● Items listed in a dataset:
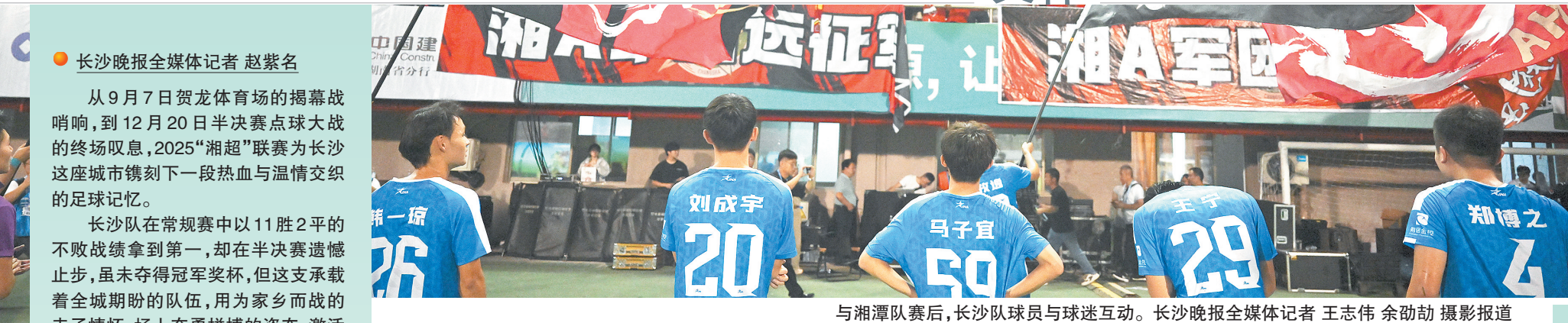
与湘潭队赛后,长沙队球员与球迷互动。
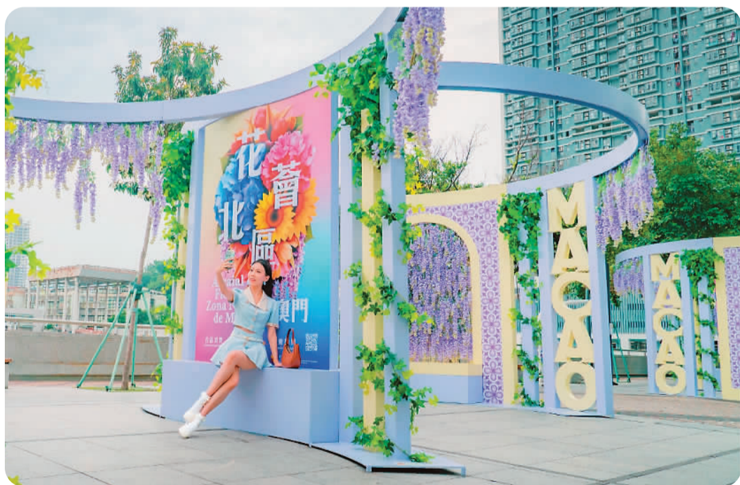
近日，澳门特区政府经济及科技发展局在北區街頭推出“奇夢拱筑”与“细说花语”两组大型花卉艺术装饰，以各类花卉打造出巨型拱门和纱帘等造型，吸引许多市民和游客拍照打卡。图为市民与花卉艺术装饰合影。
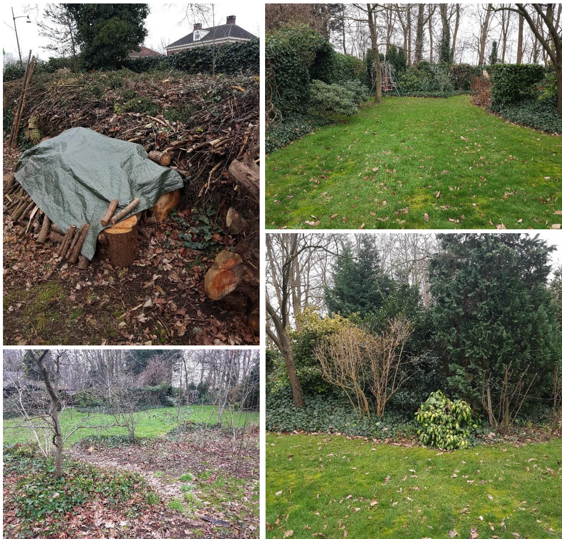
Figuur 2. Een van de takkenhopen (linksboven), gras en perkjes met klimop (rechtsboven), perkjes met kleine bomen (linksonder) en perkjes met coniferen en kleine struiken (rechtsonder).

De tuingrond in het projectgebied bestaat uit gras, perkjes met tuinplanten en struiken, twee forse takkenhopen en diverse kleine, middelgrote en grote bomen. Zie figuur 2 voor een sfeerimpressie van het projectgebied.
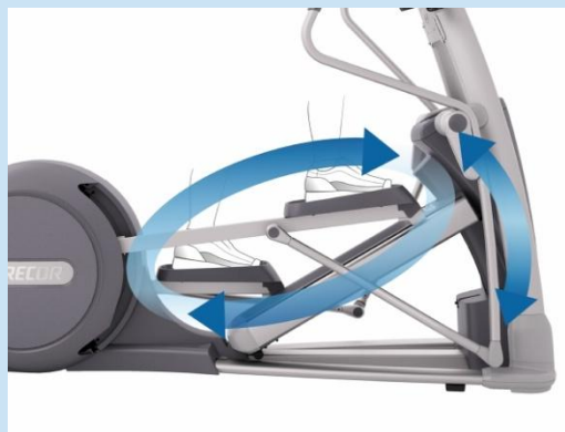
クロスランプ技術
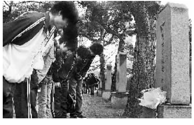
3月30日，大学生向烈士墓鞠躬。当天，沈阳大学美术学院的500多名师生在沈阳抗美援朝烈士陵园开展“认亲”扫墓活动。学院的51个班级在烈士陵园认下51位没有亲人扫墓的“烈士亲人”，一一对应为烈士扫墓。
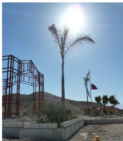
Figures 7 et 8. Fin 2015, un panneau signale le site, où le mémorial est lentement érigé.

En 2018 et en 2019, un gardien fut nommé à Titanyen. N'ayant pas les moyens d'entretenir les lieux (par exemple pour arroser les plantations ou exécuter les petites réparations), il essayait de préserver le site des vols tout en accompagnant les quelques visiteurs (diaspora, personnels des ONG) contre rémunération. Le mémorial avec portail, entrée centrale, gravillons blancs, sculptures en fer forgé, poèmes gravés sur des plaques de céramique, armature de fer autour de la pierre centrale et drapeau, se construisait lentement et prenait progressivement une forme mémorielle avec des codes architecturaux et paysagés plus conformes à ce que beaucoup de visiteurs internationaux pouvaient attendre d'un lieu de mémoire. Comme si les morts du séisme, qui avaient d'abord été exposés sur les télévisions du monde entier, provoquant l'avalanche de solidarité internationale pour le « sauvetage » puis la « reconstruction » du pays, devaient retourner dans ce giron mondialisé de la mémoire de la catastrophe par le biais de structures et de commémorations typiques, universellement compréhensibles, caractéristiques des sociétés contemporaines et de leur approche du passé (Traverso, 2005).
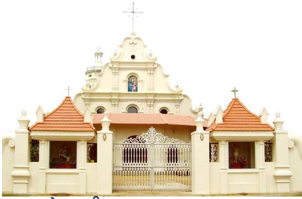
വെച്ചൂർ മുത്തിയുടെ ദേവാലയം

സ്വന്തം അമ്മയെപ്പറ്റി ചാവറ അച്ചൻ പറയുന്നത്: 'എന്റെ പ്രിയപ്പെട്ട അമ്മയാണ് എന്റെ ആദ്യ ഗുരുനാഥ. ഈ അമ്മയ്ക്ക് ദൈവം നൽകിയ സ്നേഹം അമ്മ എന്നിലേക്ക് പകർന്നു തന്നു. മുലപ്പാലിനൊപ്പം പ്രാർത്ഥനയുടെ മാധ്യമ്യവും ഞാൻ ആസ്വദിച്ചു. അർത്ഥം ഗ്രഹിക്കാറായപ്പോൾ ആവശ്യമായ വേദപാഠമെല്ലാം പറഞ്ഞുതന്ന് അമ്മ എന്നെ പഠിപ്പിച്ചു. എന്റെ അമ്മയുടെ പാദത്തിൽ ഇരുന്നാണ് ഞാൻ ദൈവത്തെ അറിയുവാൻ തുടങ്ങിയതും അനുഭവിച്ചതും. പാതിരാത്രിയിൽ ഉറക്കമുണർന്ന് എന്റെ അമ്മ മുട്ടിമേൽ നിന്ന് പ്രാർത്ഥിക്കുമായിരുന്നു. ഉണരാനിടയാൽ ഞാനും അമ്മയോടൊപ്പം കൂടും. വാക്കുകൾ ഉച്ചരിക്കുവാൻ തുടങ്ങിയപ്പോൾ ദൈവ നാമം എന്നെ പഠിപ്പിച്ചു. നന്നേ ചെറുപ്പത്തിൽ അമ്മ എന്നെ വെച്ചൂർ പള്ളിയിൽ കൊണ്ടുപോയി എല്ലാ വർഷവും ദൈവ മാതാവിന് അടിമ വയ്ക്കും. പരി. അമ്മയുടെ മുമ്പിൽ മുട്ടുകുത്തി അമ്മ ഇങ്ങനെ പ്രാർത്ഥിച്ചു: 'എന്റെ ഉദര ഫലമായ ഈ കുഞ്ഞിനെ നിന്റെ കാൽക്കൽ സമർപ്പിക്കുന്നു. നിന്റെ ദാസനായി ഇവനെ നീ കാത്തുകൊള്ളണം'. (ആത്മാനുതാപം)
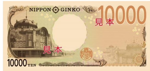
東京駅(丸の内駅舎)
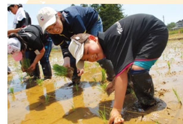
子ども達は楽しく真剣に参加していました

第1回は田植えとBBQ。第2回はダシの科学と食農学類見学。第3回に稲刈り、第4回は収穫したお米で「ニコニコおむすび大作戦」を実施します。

● WHAT IS REQUIRED:
Scan the entries above, and wherever a line holds the string "gras", copy it.

● OUTPUT:
Figuur 2. Een van de takkenhopen (linksboven), gras en perkjes met klimop (rechtsboven), perkjes met kleine bomen (linksonder) en perkjes met coniferen en kleine struiken (rechtsonder).
De tuingrond in het projectgebied bestaat uit gras, perkjes met tuinplanten en struiken, twee forse takkenhopen en diverse kleine, middelgrote en grote bomen. Zie figuur 2 voor een sfeerimpressie van het projectgebied.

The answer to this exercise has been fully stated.